Once we deploy the pods and begin the CPU load generating, we can see the resource quota in action…
All four of our pods (2 x php-apache, 2 x load-generator) have been successfully deployed as they’re within the agreed resource quota parameters. If we had specified a request for CPU that was too large for example, we would be presented with an error message at deployment time stating there was insufficient resources available.
What does these mean at the AWS instance level?

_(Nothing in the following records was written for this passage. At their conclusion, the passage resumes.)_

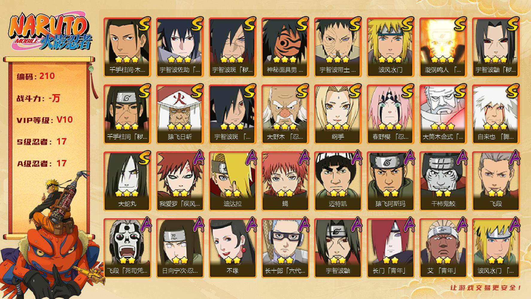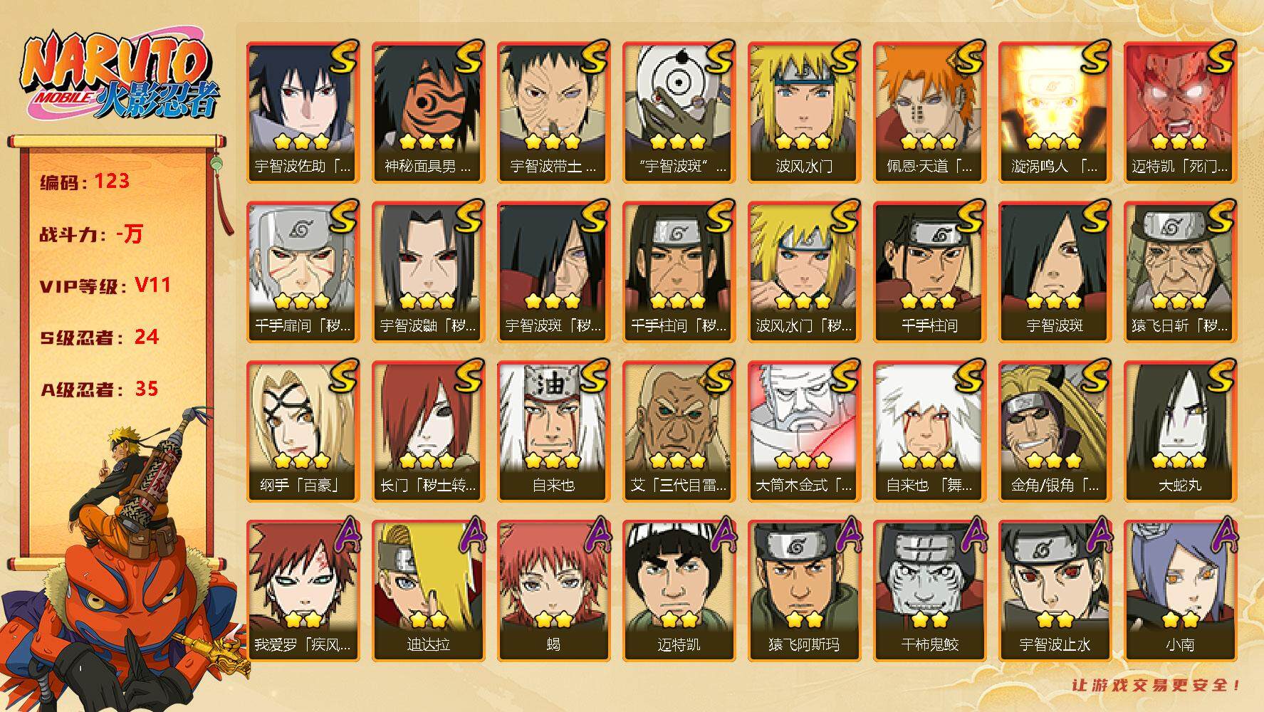 【商品标题】:8s级忍者数-25a级忍者数 【s级忍者】:猿飞日斩「秽土转生」3星猿飞日斩「秽土转生」,波风水门「秽土转生」3星波风水门「秽土转生」,千手扉间「秽土转生」3星千手扉间「秽土转生」,自来也「舞之豪杰」3星自来也「舞之豪杰」,大蛇丸3星大蛇丸,波风水门3星波风水门,迈特凯「死门」3星迈特凯「死门」,宇智波佐助「永恒万花筒」3星宇智波佐助「永恒万花筒」 【a级忍者】:艾「青年」2星艾「青年」,迪达拉2星迪达拉,大蛇丸「晓」2星大蛇丸「晓」,飞段2星飞段,飞段「死司凭血」2星飞段「死司凭血」,干柿鬼鲛2星干柿鬼鲛,迈特凯2星迈特凯,旗木卡卡西「万花筒写轮眼」2星旗木卡卡西「万花筒写轮眼」,秋道丁次「忍界大战」2星秋道丁次「忍界大战」,千代「近松十人卫」2星千代「近松十人卫」,我爱罗「疾风传」2星我爱罗「疾风传」,我爱罗「忍界大战」2星我爱罗「忍界大战」,蝎2星蝎,漩涡鸣人「仙人模式」2星漩涡鸣人「仙人模式」,漩涡鸣人「九尾查克拉」2星漩涡鸣人「九尾查克拉」,猿飞阿斯玛「秽土转生」2星猿飞阿斯玛「秽土转生」,猿飞阿斯玛2星猿飞阿斯玛,宇智波止水2星宇智波止水,宇智波鼬2星宇智波鼬,宇智波佐助「万花筒写轮眼」2星宇智波佐助「万花筒写轮眼」,宇智波佐助「须佐能乎」2星宇智波佐助「须佐能乎」,宇智波鼬「新春限定」2星宇智波鼬「新春限定」,药师兜「半蛇斗篷」2星药师兜「半蛇斗篷」,长门「青年」2星长门「青年」,照美冥「五代目水影」2星照美冥「五代目水影」
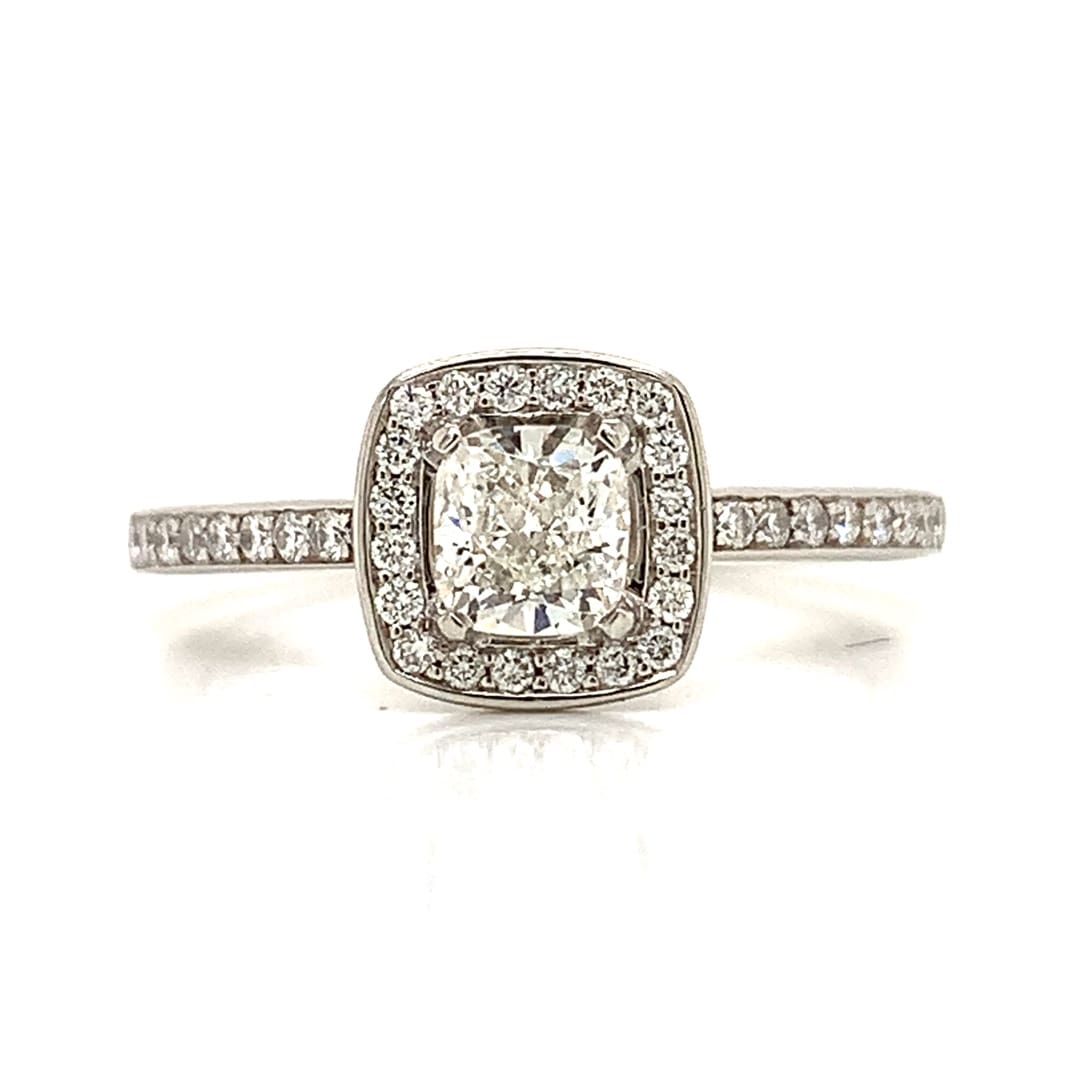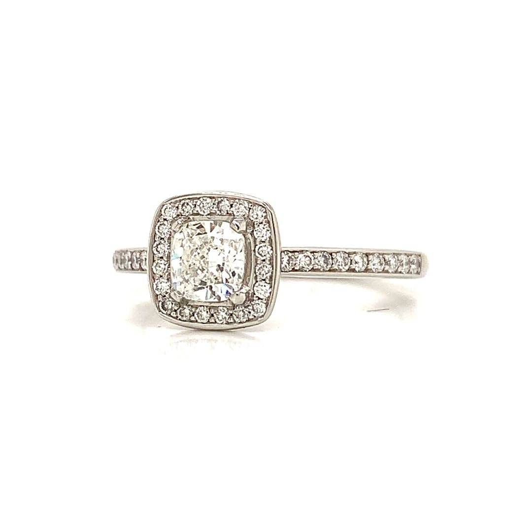 A beautiful cushion cut diamond claw set within a diamond pave surround and diamond pave sweeping shoulders. This platinum ring is designed to allow a wedding band to sit under the setting.
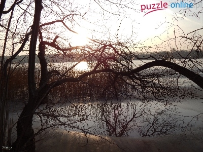 Puzzle Lód, Drzewa, Gałęzie, Odbicie
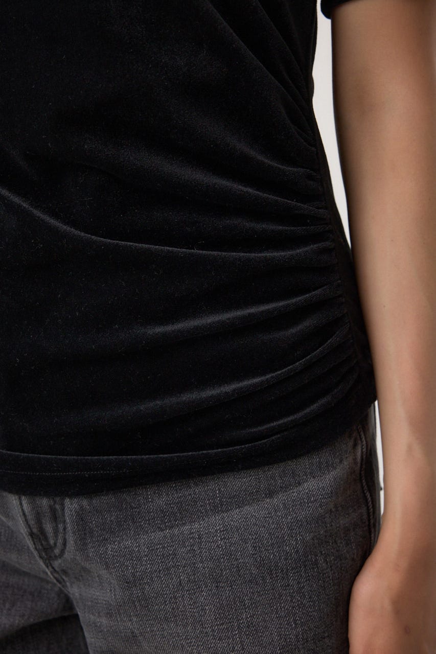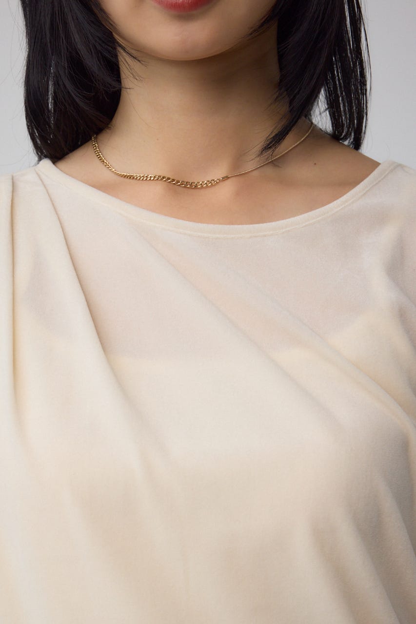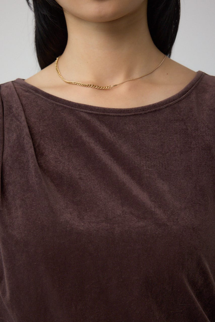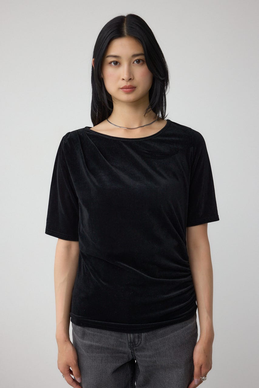 トレンドのベロア素材をトレンドのドレープデザインにしたトップスです。
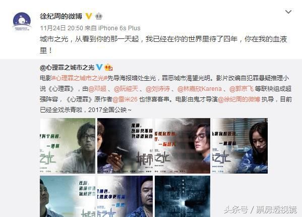 时间回到2012年,那时徐纪周在重庆拍戏,雷米的《心理罪之城市之光》由重庆出版社出版,正式上市之前,徐纪周提前拿到了样书,看了后“夜不能寐”,随后和雷米在微博上加了关注,后来要了电话,电影版权的事情就这样定下来了。
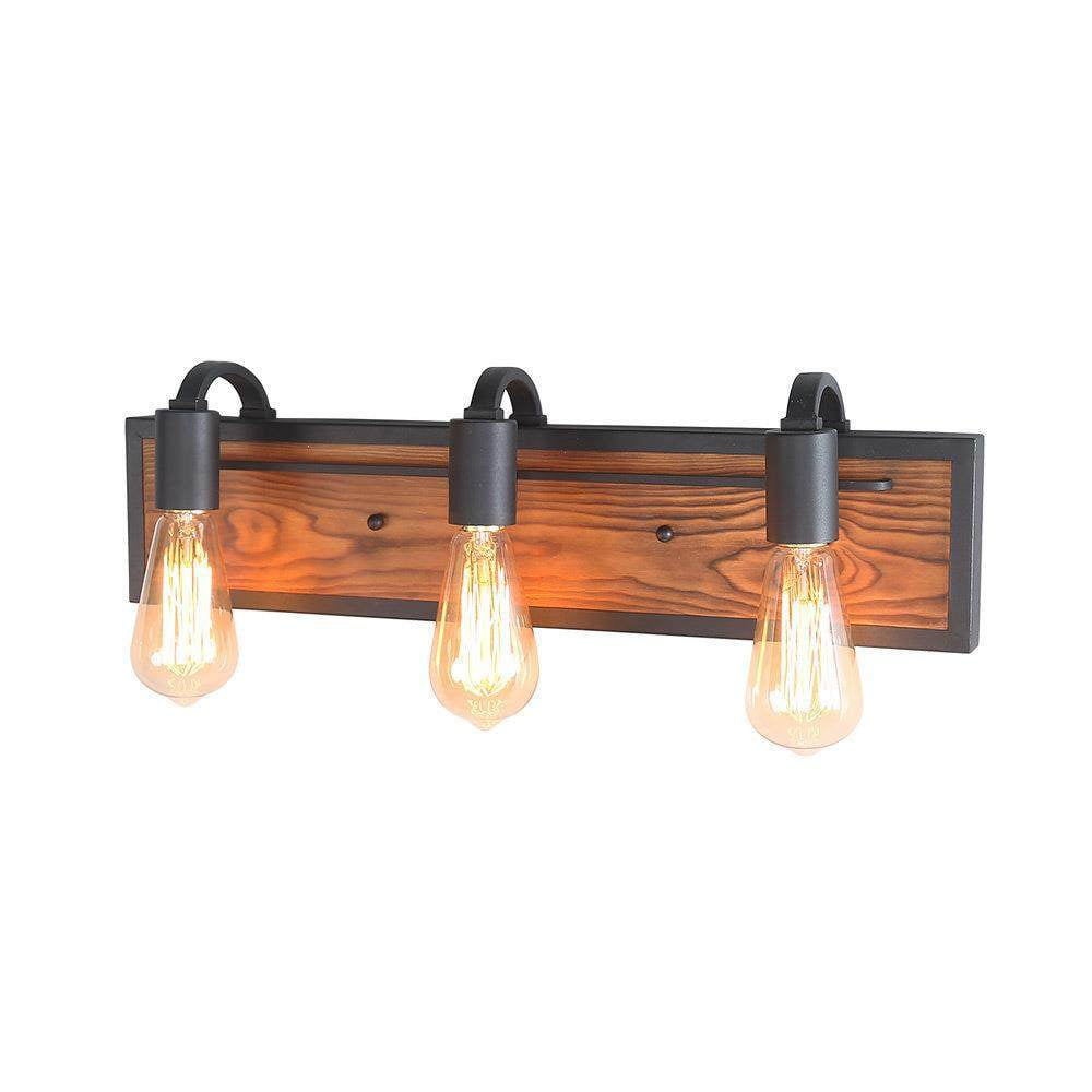 LNC 3-Light Black and Brown Wood Dimmable LED Vanity Light Bulb Type: E26 Type A Max Wattage: 60W Color: Black, Brown Location: Damp and Dry Dimmable: Yes Mount Type: Wall mounts Light Direction: Up and Down Application: Ideal for vanity, powder room, bathroom, dressing room, bedroom, dining room, and anywhere you want a beautiful glow of bright light Style: Perfect for traditional and farmhouse style settings Finish: Matte black finish with natural mango wood Material: Constructed from metal and natural mango wood for durability and visual interest Bulbs: For ideal illumination, use 3 medium base E26 bulbs (sold separately, 60W max LED/CFL/incandescent). Compatible with dimmable bulbs Dimensions: Measures 21″ length x 4″ depth x 6″ height; backplate size: 21″ width x 6″ height Certifications: UL Damp location listed Pairs With: Pairs with LNC Home Lighting fixtures from other categories to refresh your home look

We can see that after spinning up our CPU Load Generator, CPU utilization begins to climb – but levels off at roughly 43% due to the resource quota. The resource quota hasn’t quite saved us completely however – we can see that CPU Credit Usage is starting to climb and levels off around 3. Although this number is small it does mean that we are bursting (above the 40% utilization) and will eventually consume all CPU credits and be throttled to 40% CPU.
Requests are now being processed at just less than half the original 100% CPU rate.
We could play around with the resource quota to define requests and limits that don’t cause the T2 instance to burst – but then we are hamstringing our Kubernetes cluster by not letting it fully utilise all available resources.
In Summary
We’ve shown that the unpredictable nature of deployments on Kubernetes clusters isn’t a good fit for the T2/3 family of instances. There is the potential to have instances throttled due to pods consuming vast amounts of resources. At best this will limit the performance of your applications and at worst could cause the cluster to fail (if using T2/3s for master nodes) due to ETCD issues. Furthermore, this condition will only be picked up if we are monitoring CloudWatch carefully or performing application performance monitoring on the pods.
To this end it is advisable to avoid using T2/3 instance type families for Kubernetes deployments, if you would like to save money whilst using more traditional instance families (such as Ms and Rs) then take a look at our blog on spot instances.